Newswise — Bladder cancer affects nearly 84,000 people in the United States each year, making it the sixth most common cancer. Most people survive it, but unfortunately, many lose their bladders.

Neda Hashemi, MD, and her team at The University of New Mexico Comprehensive Cancer Center are now offering several clinical trials, including one that will give people with bladder cancer a chance to fight their disease and keep their bladders.

Hashemi, an assistant professor and medical oncologist who specializes in treating prostate, bladder, testicular and kidney cancers, leads the UNM Cancer Center Genitourinary Cancers Team.

“Right now, for patients who have invasive bladder cancer that is not metastatic, the preferred treatment is chemotherapy followed by removing the bladder,” she says.

For those whose lymph nodes show signs that bladder cancer has started to spread, deciding on the best treatment is more difficult because removing the bladder is not as likely to cure them, Hashemi says. For those people, she says, chemo-radiation can be considered to reduce the tumor size and spread.

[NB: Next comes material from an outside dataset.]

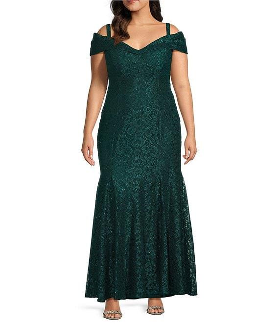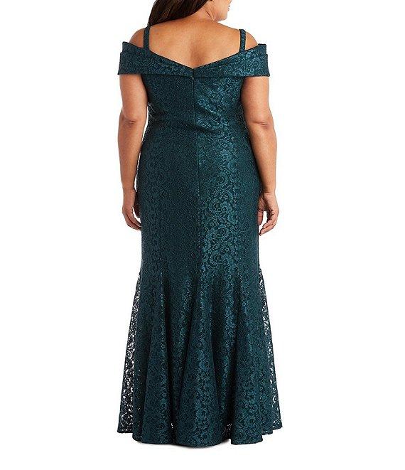 From R & M Richards Plus, this gown features: Stretch tonal lace fabrication Mermaid silhouette Off-the-shoulder neckline Cold shoulder cap sleeves Godet skirt hem Back zipper closure Approx. 62" length Polyester/spandex Hand wash Imported.

So certain people whose lymph nodes are affected and those who cannot have surgery for other reasons are treated with chemo-radiation, which doesn’t have as high a cure rate as bladder removal. It also causes scars to form on the bladder, making future bladder removal surgery difficult.

In a new clinical trial sponsored by the National Cancer Institute, Hashemi and her team offer people who have localized bladder cancer that has spread to the lymph nodes a chance to keep their bladders.

Trial participants will first receive chemotherapy, which is the standard treatment. After that, they will be given chemo-radiation with or without immune therapy and watched closely. All the drugs have been approved by the U.S. Food and Drug Administration (FDA).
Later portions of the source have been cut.